» Work to be completed
Starting at the first line of the records and stopping at the line that contains "NewDeck vlonderplanken zijn", transcribe every line exactly and leave out the pictures.

____________________

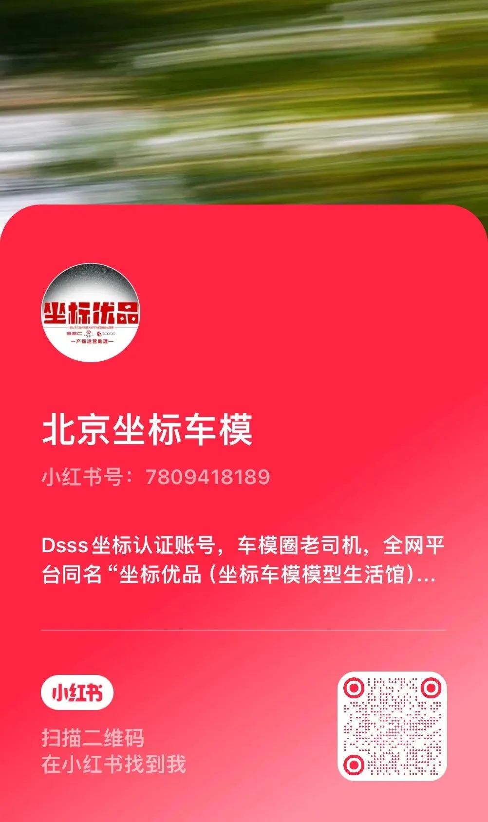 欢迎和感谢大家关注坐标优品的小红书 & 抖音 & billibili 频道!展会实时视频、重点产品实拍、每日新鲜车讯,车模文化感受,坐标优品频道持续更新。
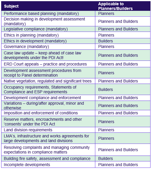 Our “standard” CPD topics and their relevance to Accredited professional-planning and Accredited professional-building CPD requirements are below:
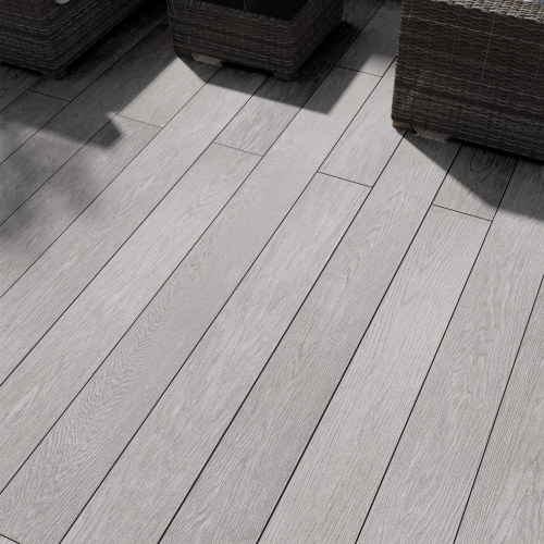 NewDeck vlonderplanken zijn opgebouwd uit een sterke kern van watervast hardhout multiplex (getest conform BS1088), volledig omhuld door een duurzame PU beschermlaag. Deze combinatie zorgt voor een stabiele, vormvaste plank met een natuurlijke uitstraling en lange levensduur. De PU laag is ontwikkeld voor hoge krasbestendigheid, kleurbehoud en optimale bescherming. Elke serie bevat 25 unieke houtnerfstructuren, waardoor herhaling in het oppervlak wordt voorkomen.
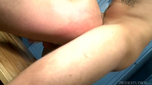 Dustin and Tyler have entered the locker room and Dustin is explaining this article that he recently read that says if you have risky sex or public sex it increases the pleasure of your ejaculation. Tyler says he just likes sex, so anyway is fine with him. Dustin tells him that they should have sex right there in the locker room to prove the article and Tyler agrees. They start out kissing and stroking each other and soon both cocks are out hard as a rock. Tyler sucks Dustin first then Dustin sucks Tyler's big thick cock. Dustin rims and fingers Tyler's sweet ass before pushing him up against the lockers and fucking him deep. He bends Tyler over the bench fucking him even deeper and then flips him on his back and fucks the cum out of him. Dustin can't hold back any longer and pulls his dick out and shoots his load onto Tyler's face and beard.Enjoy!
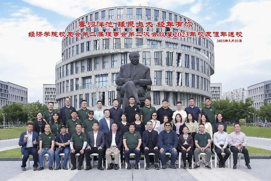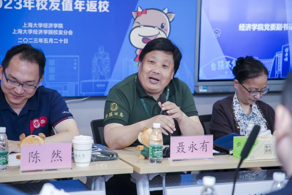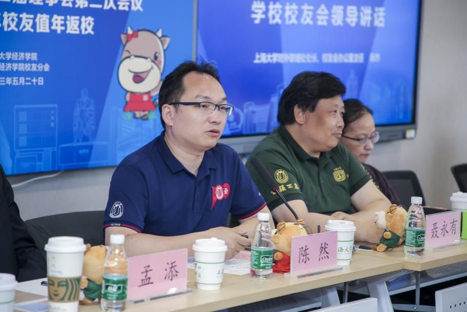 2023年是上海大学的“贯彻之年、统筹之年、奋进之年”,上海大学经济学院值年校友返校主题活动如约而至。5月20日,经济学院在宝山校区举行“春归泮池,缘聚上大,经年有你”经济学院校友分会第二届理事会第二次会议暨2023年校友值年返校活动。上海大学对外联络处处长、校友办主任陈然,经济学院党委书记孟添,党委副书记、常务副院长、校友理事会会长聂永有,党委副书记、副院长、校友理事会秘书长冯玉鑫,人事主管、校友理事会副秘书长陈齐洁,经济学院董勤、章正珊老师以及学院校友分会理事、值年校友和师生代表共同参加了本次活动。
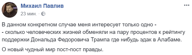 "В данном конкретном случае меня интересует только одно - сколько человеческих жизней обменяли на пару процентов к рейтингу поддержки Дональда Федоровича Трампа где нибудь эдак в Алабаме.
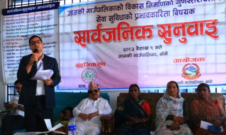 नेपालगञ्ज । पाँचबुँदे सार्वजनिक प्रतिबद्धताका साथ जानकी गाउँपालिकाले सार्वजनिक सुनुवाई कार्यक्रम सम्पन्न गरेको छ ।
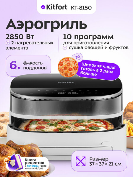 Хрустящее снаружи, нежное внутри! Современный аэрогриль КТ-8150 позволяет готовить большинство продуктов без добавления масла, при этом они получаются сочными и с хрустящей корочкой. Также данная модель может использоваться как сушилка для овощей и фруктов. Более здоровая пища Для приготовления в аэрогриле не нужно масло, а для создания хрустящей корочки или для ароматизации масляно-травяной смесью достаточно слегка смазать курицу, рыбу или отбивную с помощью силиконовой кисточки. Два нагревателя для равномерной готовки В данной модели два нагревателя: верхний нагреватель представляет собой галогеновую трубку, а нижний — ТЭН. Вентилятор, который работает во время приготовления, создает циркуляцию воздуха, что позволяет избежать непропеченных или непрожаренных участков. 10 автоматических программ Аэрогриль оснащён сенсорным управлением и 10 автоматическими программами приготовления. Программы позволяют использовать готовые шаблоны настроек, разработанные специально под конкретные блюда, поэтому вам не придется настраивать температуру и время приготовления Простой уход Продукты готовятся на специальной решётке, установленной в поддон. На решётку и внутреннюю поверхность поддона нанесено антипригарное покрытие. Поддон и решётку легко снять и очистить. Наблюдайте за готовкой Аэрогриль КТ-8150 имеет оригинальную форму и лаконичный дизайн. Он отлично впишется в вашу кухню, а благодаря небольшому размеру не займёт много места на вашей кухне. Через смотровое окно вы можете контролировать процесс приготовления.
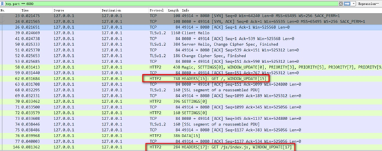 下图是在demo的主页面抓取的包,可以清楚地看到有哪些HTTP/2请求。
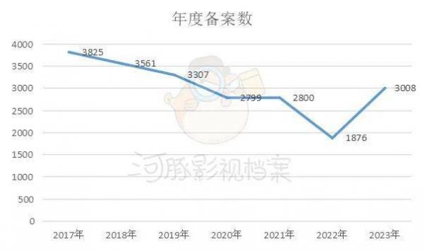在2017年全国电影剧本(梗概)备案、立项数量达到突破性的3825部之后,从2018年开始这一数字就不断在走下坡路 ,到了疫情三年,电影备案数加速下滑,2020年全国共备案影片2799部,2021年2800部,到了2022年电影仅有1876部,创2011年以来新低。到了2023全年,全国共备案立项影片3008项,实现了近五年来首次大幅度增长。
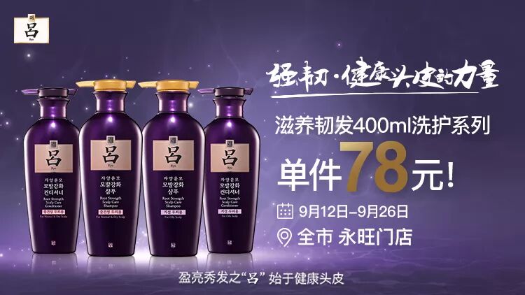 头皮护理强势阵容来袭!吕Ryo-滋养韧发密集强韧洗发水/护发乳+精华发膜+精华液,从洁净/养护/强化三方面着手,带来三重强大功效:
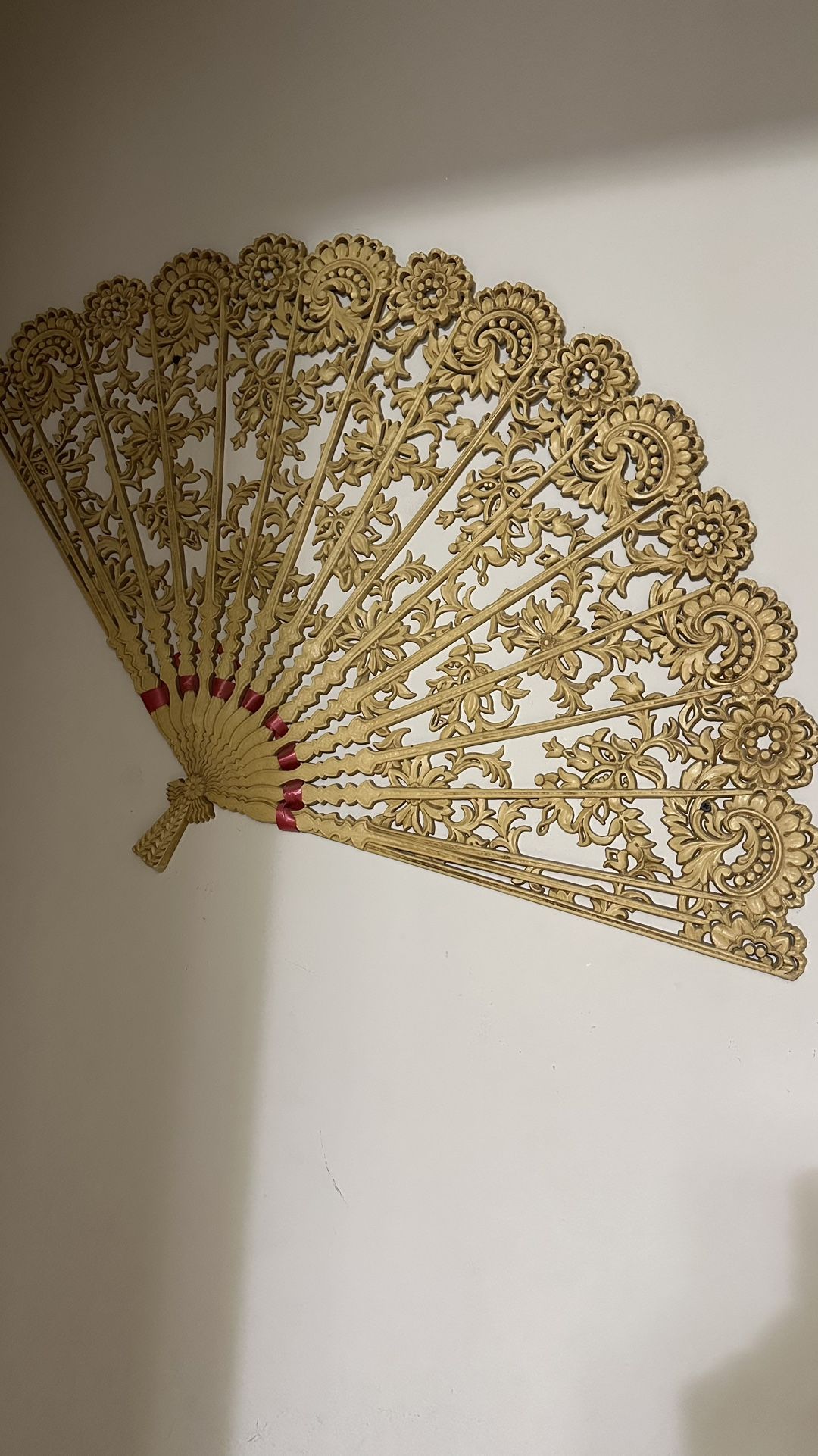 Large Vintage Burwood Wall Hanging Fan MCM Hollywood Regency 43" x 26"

____________________

» Finished exercise
 欢迎和感谢大家关注坐标优品的小红书 & 抖音 & billibili 频道!展会实时视频、重点产品实拍、每日新鲜车讯,车模文化感受,坐标优品频道持续更新。
 Our “standard” CPD topics and their relevance to Accredited professional-planning and Accredited professional-building CPD requirements are below:
 NewDeck vlonderplanken zijn opgebouwd uit een sterke kern van watervast hardhout multiplex (getest conform BS1088), volledig omhuld door een duurzame PU beschermlaag. Deze combinatie zorgt voor een stabiele, vormvaste plank met een natuurlijke uitstraling en lange levensduur. De PU laag is ontwikkeld voor hoge krasbestendigheid, kleurbehoud en optimale bescherming. Elke serie bevat 25 unieke houtnerfstructuren, waardoor herhaling in het oppervlak wordt voorkomen.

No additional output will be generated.